Я легко простил ей некоторую гиперболизацию судьбы героя и его возможностей, ибо это естественные черты всякого эпоса.
— Ефимовна, ты в кого окурком стреляешь? Это же великий артист! Знаешь его?
— Габена? Да ты, Викторыч, очумел! Да я его живого, как тебя, видела! В Марселе на киносъемках. Он капитана спасательного судна изображал...
— А что он сам моряк, знаешь?
— Ты скоро в моряки и Майю Плисецкую запишешь.

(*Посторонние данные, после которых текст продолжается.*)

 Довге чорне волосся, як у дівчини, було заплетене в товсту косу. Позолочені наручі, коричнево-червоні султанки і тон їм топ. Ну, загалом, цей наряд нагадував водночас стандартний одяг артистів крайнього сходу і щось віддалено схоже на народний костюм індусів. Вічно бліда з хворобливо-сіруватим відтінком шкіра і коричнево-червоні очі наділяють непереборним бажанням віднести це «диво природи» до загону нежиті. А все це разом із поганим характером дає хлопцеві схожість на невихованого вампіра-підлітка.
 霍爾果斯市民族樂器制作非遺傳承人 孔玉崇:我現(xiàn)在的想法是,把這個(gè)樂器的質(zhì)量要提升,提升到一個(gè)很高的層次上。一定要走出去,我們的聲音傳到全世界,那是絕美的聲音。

— Он, Ефимовна, был старшиной второй статьи. Он командовал танком в полку морской пехоты в дивизии генерала Леклерка. Он на танкере пересек эту голубую Атлантику в сорок третьем, когда здесь держали верхи немецкие подлодки. Он въехал в Париж на своем танке в тельняшке. И больше всего в жизни он гордился тем, что был старшиной второй статьи, а не офицером. Он, вообще-то, терпеть не может военных...
— Я помню тебя в кителе, — сказала Мария Ефимовна. — И хомутики на плечах от погон. Спороть тебе недосуг было. Я их спорола. Ты большим офицером был?

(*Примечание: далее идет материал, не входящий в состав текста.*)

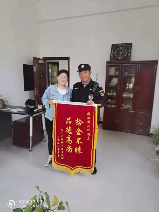 當(dāng)天中午,夏女士來到物業(yè)服務(wù)中心取回手機(jī),對(duì)物業(yè)服務(wù)處的工作人員幫其找回了手機(jī)表示感激,并提出想請(qǐng)周漢松吃飯以示感謝。周漢松婉言謝絕了她的好意,并稱這是其應(yīng)當(dāng)做的,本分之內(nèi)的事。幾天后,夏女士帶著繡有“拾金不昧·品德高尚”的錦旗來到物業(yè)客服中心前臺(tái),以表達(dá)自己對(duì)物業(yè)工作人員的謝意。

— Совсем маленьким, Ефимовна.
— Ты молодым строгий был. Я тебя даже боялась.
Она мне льстила. Она знала, что я хочу быть строгим, хотя плохо способен к этому. Это потому, что мой дух ленив. Он не терпит напряжений. Идеал моего духа — Обломов. Другое дело, что Обломов нам только снится.
— Как Ваську-то на Диксоне выгнал! Я его до сей поры помню и жалею. Не встречал больше?
— Нет.
Атлантический океан под нами вздувался, притапливал мели, вода теряла зелень, синела — шел прилив.

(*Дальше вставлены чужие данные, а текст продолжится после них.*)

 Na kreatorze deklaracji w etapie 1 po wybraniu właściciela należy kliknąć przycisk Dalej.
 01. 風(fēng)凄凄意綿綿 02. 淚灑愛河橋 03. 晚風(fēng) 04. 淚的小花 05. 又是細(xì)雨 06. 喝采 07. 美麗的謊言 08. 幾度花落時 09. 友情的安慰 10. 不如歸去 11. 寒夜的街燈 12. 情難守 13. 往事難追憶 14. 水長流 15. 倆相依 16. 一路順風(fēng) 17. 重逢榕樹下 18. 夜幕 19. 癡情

— Скоро ты будешь дома, — сказала Ефимовна. — Может, успеете к Новому году?
— Вряд ли успеем.
— Двуличный ты человек, — сказала Ефимовна. — И я двуличная. В море хочешь на берег. На берегу хочешь скорее в море.
— Становишься философом, — сказал я. — Повторяешь старые истины. Все мы амфибии.
Несколько недель назад я думал об этом на противоположном берегу Атлантики, на горе Эль-Серро в Уругвае, возле старинной пушки, колеса которой погрузились в землю, лафет растрескался, а на дульном срезе росла ромашка.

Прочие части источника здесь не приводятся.